Every few days I see the elderly gentleman who lives there. He is usually in a wheelchair being pushed by a the woman in nursing scrubs and he is always holding an oxygen tank.

Every weekend there are lots of cars at the house. Some of them have out of state license plates, and I imagine those cars have brought family and friends in to pay last respects. Several times of week I see a nice Acura there and when it's there a man in his 40's is frequently in the front yard. He's well-dressed and always on his phone. He looks tired and burdened, but he's there. Is he a son? A nephew? A kinsman in some way?

I wonder how much longer my neighbor has to live. The in-home care providers are now there all day every day. I think how terribly sad it is for me to observe this death not even knowing his name. I've thought about stopping in to be neighborly, but figure I'd look more like a stalker or an estate hawk than a caring pastor.

What would I say anyway?

Anyone here dying? It sure looks like it from the street.
Can I help you with your oxygen? How some more Ensure?
Have you said your last goodbyes?
Are you seeing the spirits yet?
What is it like to know you are dying?

I wonder. What stories are being lost to the world because of this death? What wisdom do we lose when he is gone? Which of his relationships will go untended? Which will be restored? Who will be my new neighbors? Will I know them any better?
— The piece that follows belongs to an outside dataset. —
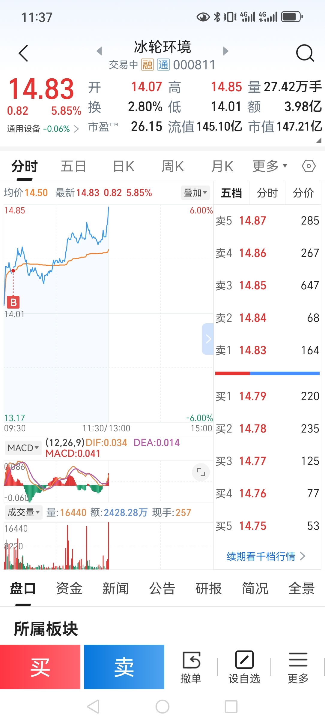 昨天买的4个股:格尔继续涨停板板上卖了、瑞达期货昨天开板今天以为没有预期卖飞了、澳弘和济民和自己预想的一样不赚不亏走了。今天买了冰轮环境、电子城、星网宇达,目前没有一个涨停,期待下午表现。今天结束,卖完买完,感恩平潭发展,5个板了

So it is, the ebb and flow of life laps at this man's front door, ready to flood the house and drown the life within. At just the right moment his light will be gone and he will leave, exiting the house - first in spirit, and then later, feet first in a body bag. I wonder if he knows this?

I suppose the real truth of this has little to do with whether or not he knows he's dying a slow death. The real truth lies in whether or not I know that I am dying a slow death.

Morbid thoughts, I know. Enough to make me want to really live. Very, very slowly.